I don't think I understand your question. The last we heard from Worf before he went to DS9 was that he did not want to be seperated from his son, that he wanted to raise him on the Enterprise ("Firstborn"). Then he makes an about face and decides to send him back to Earth with his parents, who'd already said they were too old to handle a Klingon child again. That obviously didn't work out because Alexander later runs away from his grandparents and joins the military ("Sons and Daughters")

On TNG, Worf's parenting was improving, culminating in his decisions about Alexander in Firstborn. DS9 pressed the reset button on all that and put him right back to being a crappy father. I get why they did it, one single father on DS9 was enough. It just added to the jack-assiness that I think characterised Worf on DS9 vs. Worf on TNG.

I have always felt that in terms of moving the Worf character from TNG to DS9, they really dropped the ball on Alexander. I agree with Tosk that he wasn't exactly missed, but giving him the boot in the manner that they did reflected badly on Worf's character. And then having Alexander come back and be a moron just made it worse.

The Wormhole wrote: View Post
Klingons age at a different rate than humans. Hell, even when he was first introduced in TNG he was only a year old and already a bit big for his age. Then when they made hima recurring character in season 5 he would only have been two, yet he looked like he was six or so.
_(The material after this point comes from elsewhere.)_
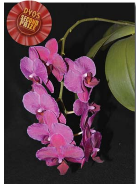
Phal. Barbara King

Being a teenager on DS9 is consistent with what was established.
The idea that Klingons age at a different rate than humans was never established officially, just assumed by fans based on how Alexander was presented and the fact that it would make sense for children to mature faster in a warrior culture. It's much easier for the actors to interact with an older child than an infant or toddler (which is what Alexander should have been when he was first introduced).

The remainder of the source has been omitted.